Second Empire is an architectural style most popular in the latter half of the 19th century and early years of the 20th century. It was so named for the architectural elements in vogue during the era of the Second French Empire. As the Second Empire style evolved from its 17th-century Renaissance foundations, it acquired a mix of earlier European styles, most notably the Baroque, often combined with mansard roofs and/or low, square-based domes.
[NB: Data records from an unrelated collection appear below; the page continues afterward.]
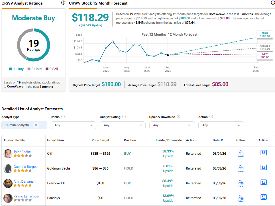 Turning to Wall Street, analysts have a Moderate Buy consensus rating on CRWV stock based on 11 Buys, eight Holds, and zero Sells assigned in the past three months, as indicated by the graphic below. Furthermore, the average CRWV price target of $118.29 per share implies 48.5% upside potential.
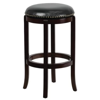 - 29 Backless Cappuccino Wood Barstool With Black Leather Swivel Seat
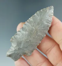 Excellent flaking and style on this 2 13/16" steeply beveled Archaic Thebes found in Indiana. | INDIANA | 90.00 | |

The style quickly spread and evolved as Baroque Revival architecture throughout Europe and across the Atlantic. Its suitability for super-scaling allowed it to be widely used in the design of municipal and corporate buildings. In the United States, where one of the leading architects working in the style was Alfred B. Mullett, buildings in the style were often closer to their 17th-century roots than examples of the style found in Europe.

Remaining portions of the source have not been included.